David - you were right !

LEL.TO & AAE.TO - trust formed .. I was indeed following LEL.TO due to it's Pembina / Nisku plays which are very prolific. However these transactions I do not fancy so much as a growth investor.. I know it's tax efficient for Canadians.. frankly this is just another reasons I like the international plays way more.. such transactions usually put an end to the material upside of the Can.. company converting.. the new ExploreCo has no Pembina acreage also...

biz.yahoo.com

Argo Energy and Lightning Energy Announce Merger, Trust Conversion and Creation of Exploration-Focused Producer
Thursday February 3, 1:59 am ET

(TSX: AAE, LEL)
CALGARY, Feb. 2 /CNW/ - Argo Energy Ltd. and Lightning Energy Ltd. jointly announced today that their respective Boards of Directors have approved a proposal to combine the two entities and create Sequoia Oil & Gas Trust and a public exploration-focused junior producer, White Fire Energy Ltd.

The effect of the transaction is as follows:

The shareholders of Lightning will receive the following for each
Lightning share owned:
- one trust unit of Sequoia Oil & Gas Trust; and
- one share in White Fire Energy.

Shareholders of Argo will receive the following for each Argo share
owned:
- 0.685 of a trust unit of Sequoia Oil & Gas Trust; and
- 0.685 of a share in White Fire Energy.

The units outstanding in Sequoia Oil & Gas Trust and the shares of White Fire Energy will be rolled back on a four for one basis. The transaction will be concluded pursuant to a Plan of Arrangement and is subject to receipt of all necessary approvals, including shareholder approval, Court approval, and regulatory approvals.
Sequoia Oil & Gas Trust will own approximately 95% of Lightning and Argo's current production, including high quality prolific resource plays in the Pembina, Medicine Lodge/Obed, Gift Lake and Sylvan Lake areas of Alberta. The assets of the Trust are expected to produce an average of 9,750 boe/d in the last nine months of 2005. White Fire Energy will own certain of the growth assets and undeveloped lands in Lightning's Pembina area.

The management team of Sequoia Oil & Gas Trust will be led by Bradley Johnson as President and Chief Executive Officer and Ted Hanbury, as Vice-President and Chief Operating Officer. In addition to Mr.
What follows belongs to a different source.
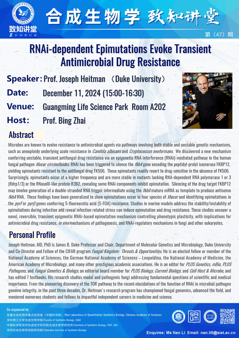 本次讲座邀请了 Prof. Joseph Heitman 带来题为“RNAi-dependent Epimutations Evoke Transient Antimicrobial Drug Resistance”的报告。
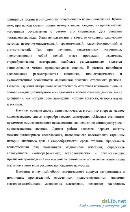 Методологические основы исследования. Настоящее исследование, основанное на комплексном использовании исторических источников различных типов (вещественных, письменных, картографических и изобразительных), позволяет говорить о применении при анализе единых принципов теории и методологии современного источниковедения. Кроме того, при использовании общих методов анализ каждого из привлекаемых источников осуществлен с учетом его специфики. Для решения поставленных задач были использованы в качестве основных следующие методы: историко-описательный, сравнительный, классификационный и статистический. Так, при изучении вещественных источников, представляющих собой целый пласт продукции различных старообрядческих мастерских, наиболее результативным является использование метода сравнительного анализа. В рамках подобного исследования рассматривается типология, иконографические и художественные особенности меднолитой пластики отдельного региона. Полнота изучения выбранного вещественного материала возможна лишь на основе междисциплинарного исследования с использованием данных таких дисциплин, как история, религиоведение, история искусств, история науки и техники.

Johnson, the Trust Board of Directors will include Ken Woolner, David Tuer, Dennis Chorney, Jim Finkbeiner and Graham Wilson. The Trust expects to name one additional independent Board member prior to closing of the transaction.

White Fire Energy will be managed by current executives of Lightning, and will be led by Ken Woolner as Executive Chairman and Bob Rosine as President and Chief Executive Officer. Mr. Rosine was a founder of Brooklyn Energy Corporation. Along with Mr. Woolner and Mr. Rosine, the White Fire Energy Board of Directors will include Ted Hanbury, John Brussa, Mr. Finkbeiner and Garry Tanner.

Bradley Johnson joined Argo as its CEO in December 2003. Through a focus on strategic acquisitions, cost control and aggressive development, the Argo team has grown production from 600 boe/d to approximately 4,000 boe/d. Prior to joining Argo, Mr. Johnson was President of an oil and gas consulting firm that provided specialized technical advisory services related to asset optimization and analysis of acquisition opportunities. Mr. Johnson and his team were involved in the sourcing, analysis and execution of more than $10-billion in transactions, including the acquisitions of Poco Petroleum and Canadian Hunter Exploration by Burlington Resources.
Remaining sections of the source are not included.